Before we hit you with the data, here’s a brief summation of some of PaperCut’s ‘tree-saving’ features as it were:
- Secure print release – When a user’s print job is sent directly to the printer, there’s ample time for the user to forget or not collect their paper, which sometimes leads to the user even printing again.
This wastes toner and precious trees. Secure print release is more than a security feature. Demanding authentication before spitting out a print job eliminates that pile of uncollected documents sitting next to the printer.
- Print quotas – Accountability means no frivolous printing. Enforcing a printing allowance with print quotas means users are personally responsible for why and when they print.
This is especially helpful in education where students and departments have a set budget that curtails wastage.
- Print policies – Some printing environments have the best-laid intentions of implementing print rules, but this pop-up system prompts users right at the interface to double-check sensible practices.
This can include suggesting better options or recommending a more economical printer for large jobs.

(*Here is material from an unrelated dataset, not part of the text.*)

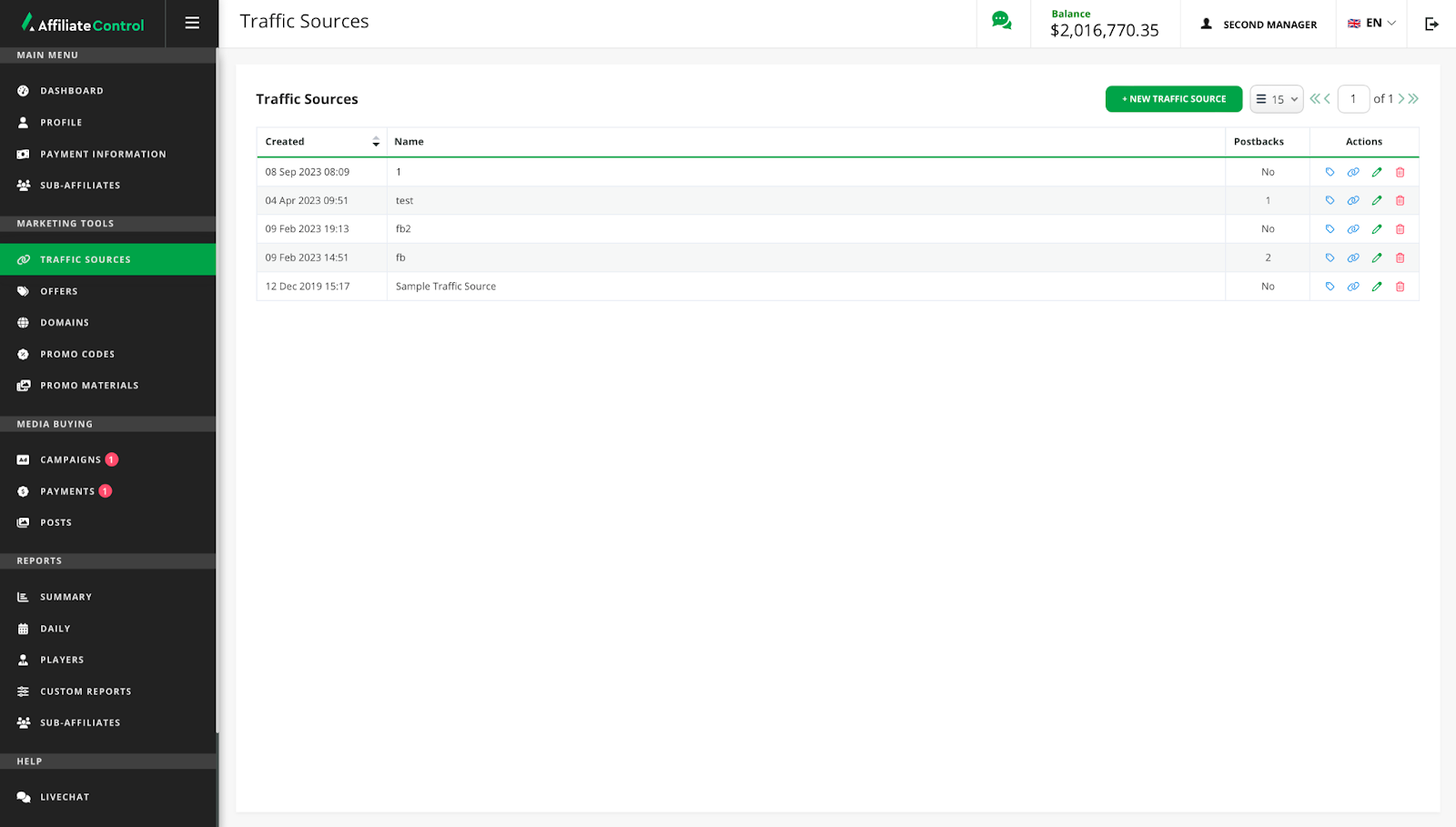 - Create a new one or find the required traffic source in the list, select "Postbacks" in the "Actions" column.
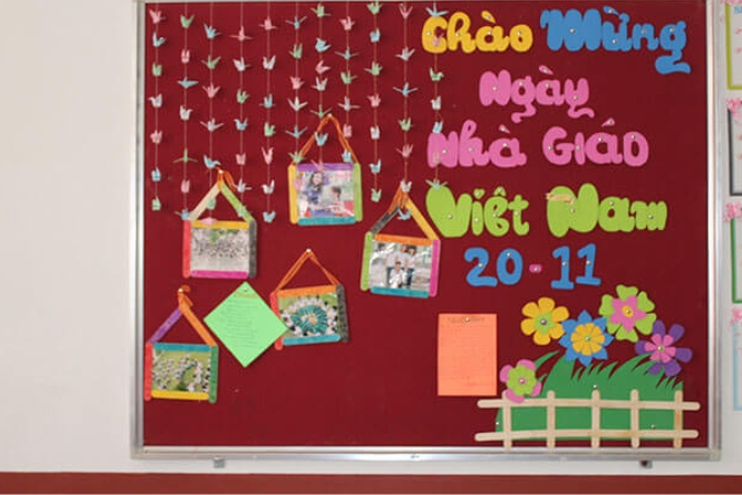 Không thể thiếu những tấm poster với lời chúc gửi đến các thầy cô. Các bức ảnh tập thể cùng thầy cô cũng sẽ tạo thêm không khí thân thương. Trang trí xung quanh bảng với hoa giấy, lá cờ nhỏ và thiệp ghi lời chúc không chỉ giúp tạo điểm nhấn mà còn thể hiện tình cảm chân thành của mỗi học trò.

Print Policies can also enforce environmentally friendlier options and convert atypical jobs like emails.
- Print filters – PaperCut NG/MF offers two types of filters: conversions and restrictions. Users can be encouraged at the time of release to convert to duplex and greyscale, which they can easily change themselves. Or the option can be automatic, courtesy of the aforementioned print policies.
After converting an initial time, users are immediately presented with their savings to encourage future use of the feature. With restrictions, a user can automatically delete duplicate print jobs where a print job has been accidentally queued multiple times.
How many trees has PaperCut saved?
Alright, you’ve stuck with us this long (assuming you are still reading). Let’s get to the definitive answer…
To figure this out we looked at our data pertaining to features that stopped or reduced pages being printed.
That would be our Hold/Release functionality, which requires jobs to be authenticated before printing.
So we’ll combine those data sets to calculate how many sheets of paper we’ve saved. We’ll then reverse engineer the data into how many trees that is, based on Soder’s calculations.
Across all PaperCut customers, Hold/Release has held back 3,415,929,026 sheets. Of that 3.4 billion held, only 1.063 billion were released, this gives us a total of 2.337 billion sheets saved.
Divide that by 8,333 sheets and we get 280,451 trees!
To date, our PaperCutters all around the world have saved 280,451 trees.
Now, a word on this number…
This is an estimated figure, but a conservative one.
We do have data to go off, but we can’t pinpoint exactly how many pages have been held, and also pages converted to a duplex. We don’t have all that data. But the good news is, that means there are sheets held and converted unaccounted for. So the true, true numbers are likely much higher.
I say likely because, as I was saying earlier, calculating how many sheets of paper one tree produced isn’t an exact science. Or at least, the exact science that we have found is an old study, but that leads us to our main point.
Eliminating waste is the foundation of PaperCut. Sustainability is one of the core values in our vision for the future.
End of the day, we be saving some trees, yo. The numbers are hard to nail down. But one thing we can say with absolute certainty is that we are eliminating wasteful printing.
As an extension of our tree saving efforts, earlier this year, we also entered the tree growing business. With our ongoing support of Carbon Positive Australia, for every PaperCut license purchased, we plant a tree.
Thanks for the great article! This is incredibly good news. We have a collective responsibility to take care of the environment, and KDI is proud to partner with a company like PaperCut that prioritizes reducing paper use, thereby keeping up with environmental global concerns.